Bill’s notebook is a large (about 580 posts) collection of random thoughts, ideas, and sometimes just collections of words. A prime source of entertainment, and neural network inputs..
“If you are looking to burn something, fire may be just the ticket” - Bill Wurtz
Choosing the right tool for the job
If you haven’t noticed yet, Im building a neural net to generate notes based on his writing style and content. Anyone who has read my first post will know that I have already done a similar project in the past. This means time to reuse come code!
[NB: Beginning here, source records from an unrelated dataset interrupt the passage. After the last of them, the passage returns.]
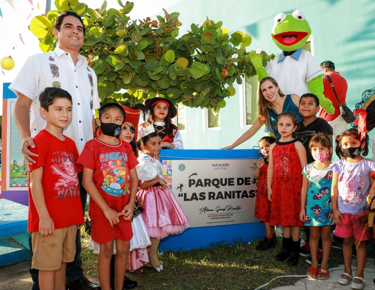 Isla Mujeres, Quintana Roo.- Las niñas y los niños de la zona insular de Isla Mujeres cuentan con un nuevo espacio para su entretenimiento luego de que la presidenta municipal, Atenea Gómez Ricalde, inauguró el parque infantil “Las Ranitas” en la colonia “La Gloria”.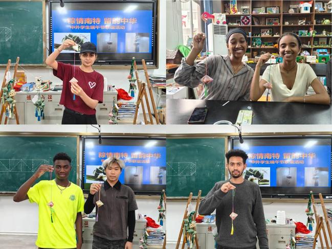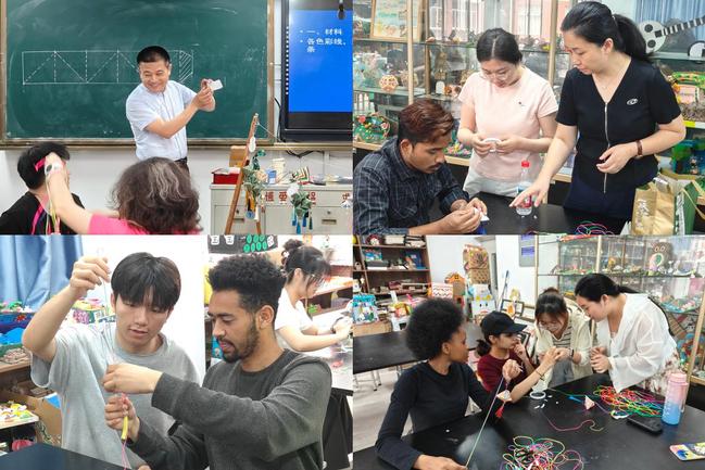 在手工制作环节,现场充满了欢声笑语。公司准备了制作“编织粽子”和五彩绳的材料,公司党总支书记吴月华和经理刘新学也来到现场,公司专业教师吕艺征副教授主讲制作技巧,同学们两两一组,相互配合,共同完成手工作品。中国同学热情地向职工们传授制作技巧,职工们则虚心学习,认真地穿针引线、编织彩绳。不一会儿,一个个造型精美、色彩斑斓的编织粽子便诞生了。大家拿着自己的作品,纷纷拍照留念,脸上洋溢着自豪和喜悦的笑容。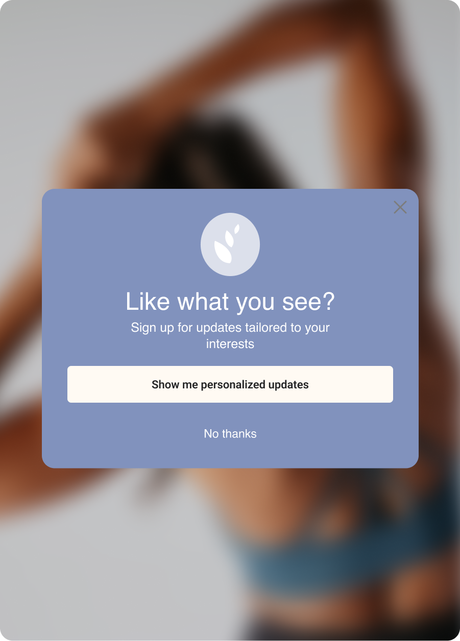 • Adjust form content and value exchange based on lifecycle stage and onsite behavior (how recently they subscribed to another channel, how often they shop, their loyalty tier, etc.).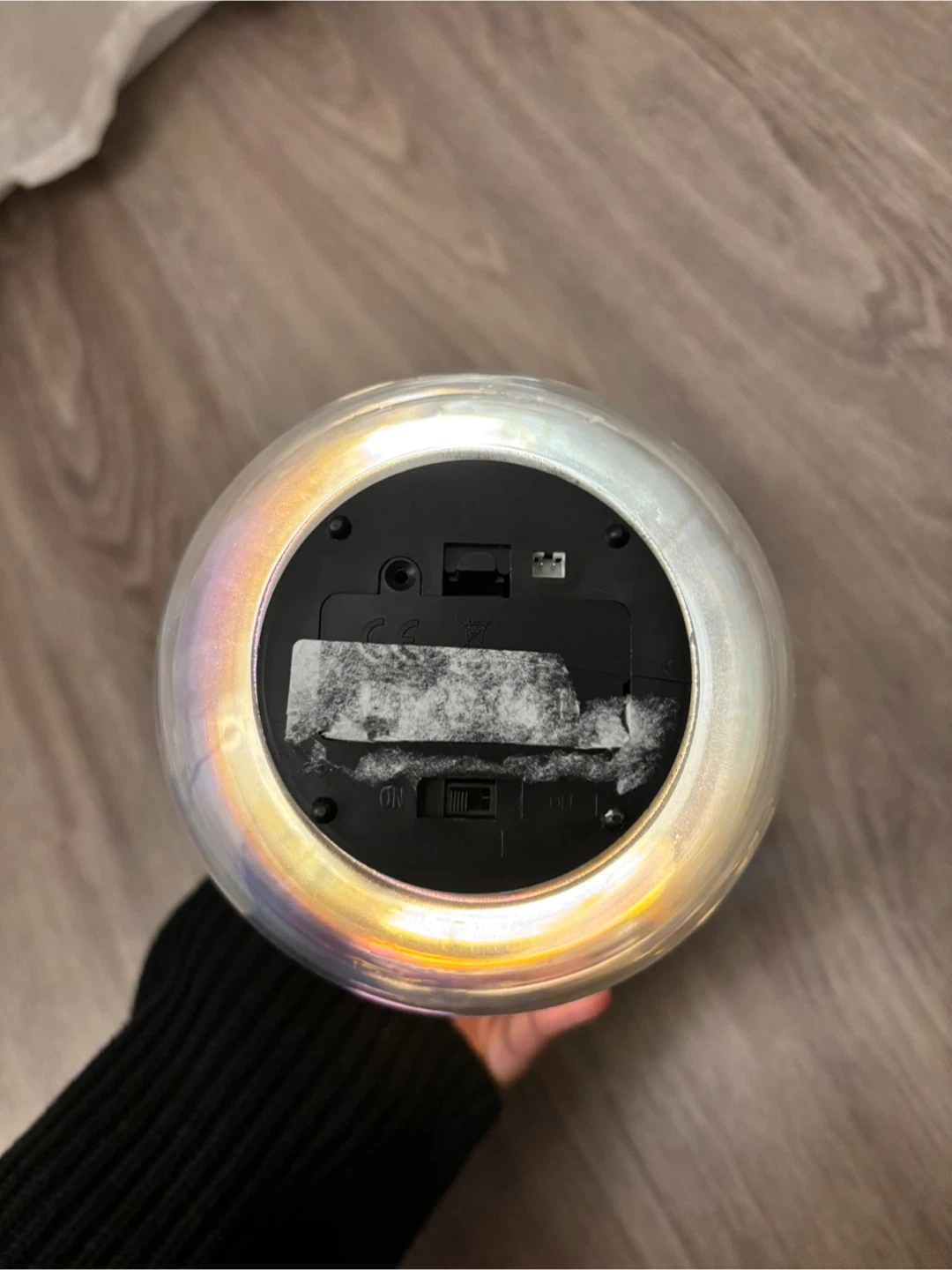 76A glass construction table lamp with an iridescent finish that casts a warm glow, powered by batteries, so no need to plug it in! * Glass construction * Battery powered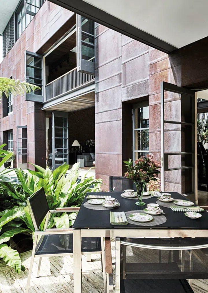 Taking inspiration from the site’s natural surroundings of lush greenery and unobstructed views of the Singapore skyline, he created an open-planned “tropical home” where boundaries between the indoors and outdoors are blurred.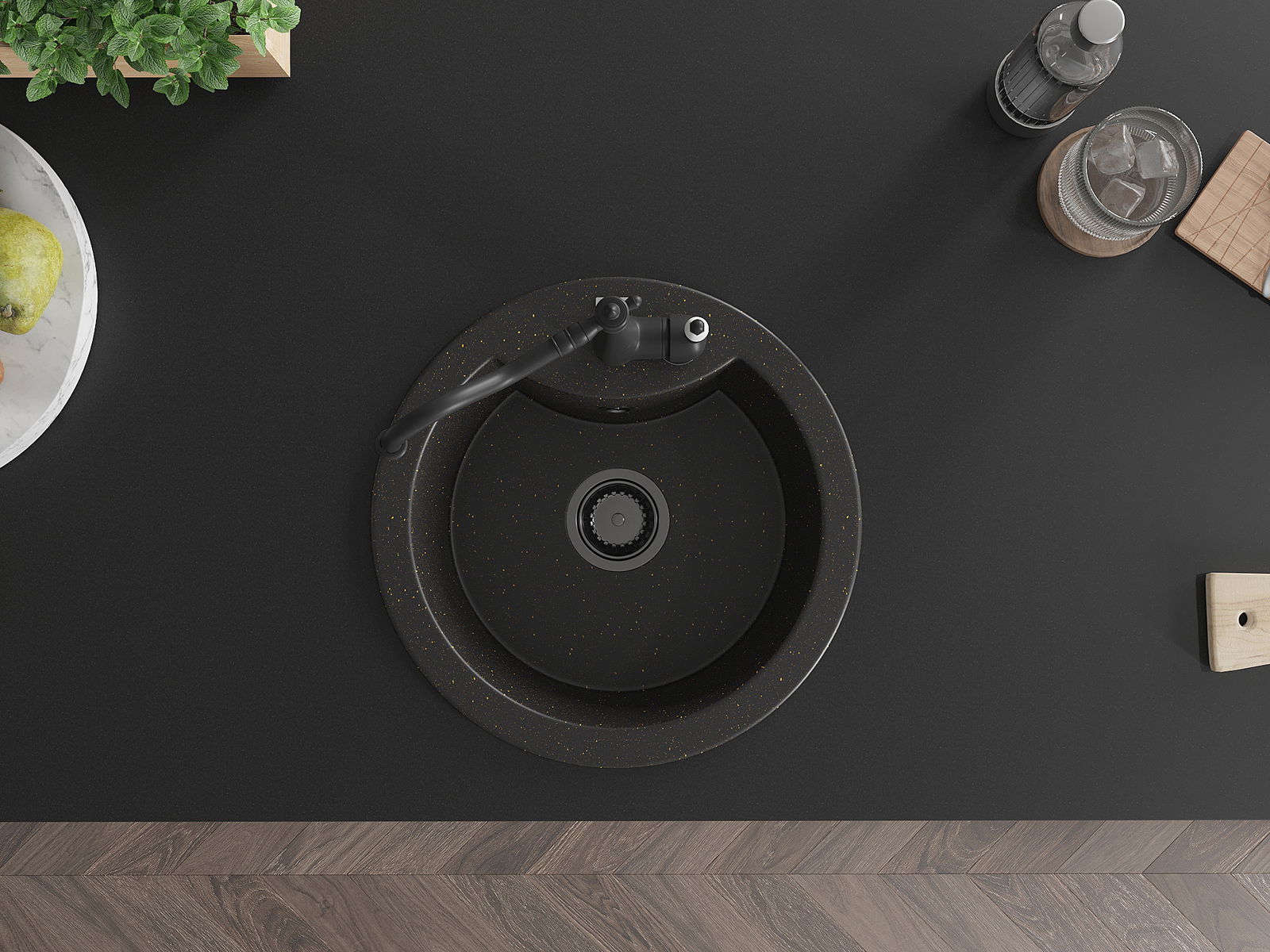 Mexen Diego évier en granit 1 bac avec robinet de cuisine Carla, noir/métallisé doré - 6512-75-670700-70-B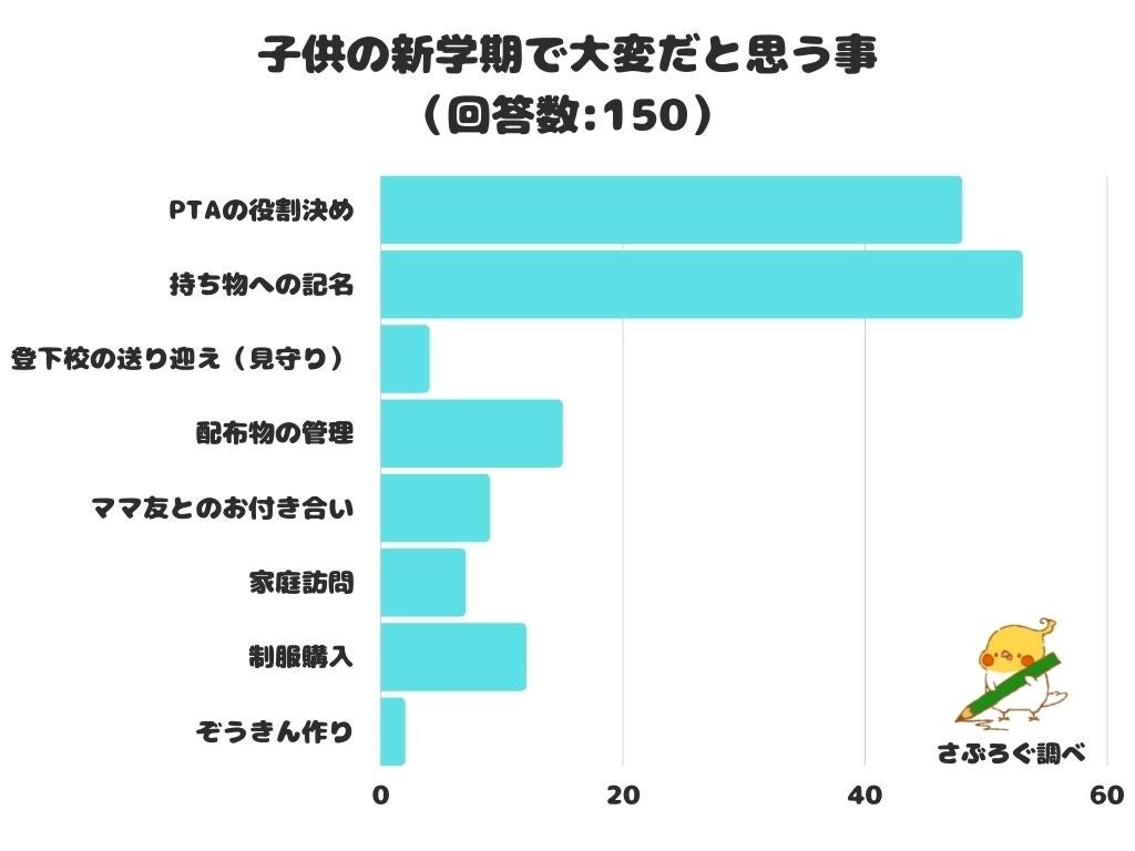 【調査レポート】子供の新学期で大変だと思う事は?1位は「持ち物への記名」!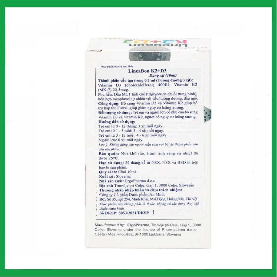 Dung dịch dạng xịt LineaBon K2+D3 bổ sung Vitamin D3 và Vitamin K2, hỗ trợ hấp thu canxi ( Chai 10ml)

For this project, I decided to use an amazing library by @minimaxir called textgenrnn. This Python library will handle all of the heavy (and light) work of training an RNN on a text dataset, then generating new text.
Building a dataset
This project was a joke, so I didn’t bother with properly grabbing each post, categorizing them, and parsing them. Instead, I build a little script to pull every HTML file from Bill’s website, and regex out the body. This ended up leaving some artifacts in the output, but I don’t really mind.
import re
import requests
def loadAllUrls():
page = requests.get("https://billwurtz.com/notebook.html").text
links = re.findall(r"HREF=\"(.*)\"style", page)
return links
def dumpEach(urls):
for url in urls:
page = requests.get(f"https://billwurtz.com/{url}").text.strip().replace(
"</br>", "").replace("<br>", "").replace("\n", " ")
data = re.findall(r"</head>(.*)", page, re.MULTILINE)
# ensure data
if len(data) == 0:
continue
print(data[0])
urls = loadAllUrls()
print(f"Loaded {len(urls)} pages")
dumpEach(urls)
This script will print each of Bill’s notes to the console (on it’s own line). I used a simple redirect to write this to a file.
python3 scrape.py > posts.txt
Training
To train the RNN, I just used some of textgenrnn’s example code to read the posts file, and build an HDF5 file to store the RNN’s neurons.
from textgenrnn import textgenrnn
generator = textgenrnn()
generator.train_from_file("/path/to/posts.txt", num_epochs=100)
This takes quite a while to run, so I offloaded it to a Droplet, and left it running overnight.
The results
Here are some of my favorite generated notes:
“note: do not feel better”
“hi I am a car.”
“i am stuff and think about this before . this is it, the pond. how do they make me feel better?”
“i am still about the floor”
Not perfect, but it is readable english, so i call it a win!
Play with the code
I have uploaded the basic code, the scraped posts, and a partial hdf5 file to GitHub for anyone to play with. Maybe make a twitter bot out of this?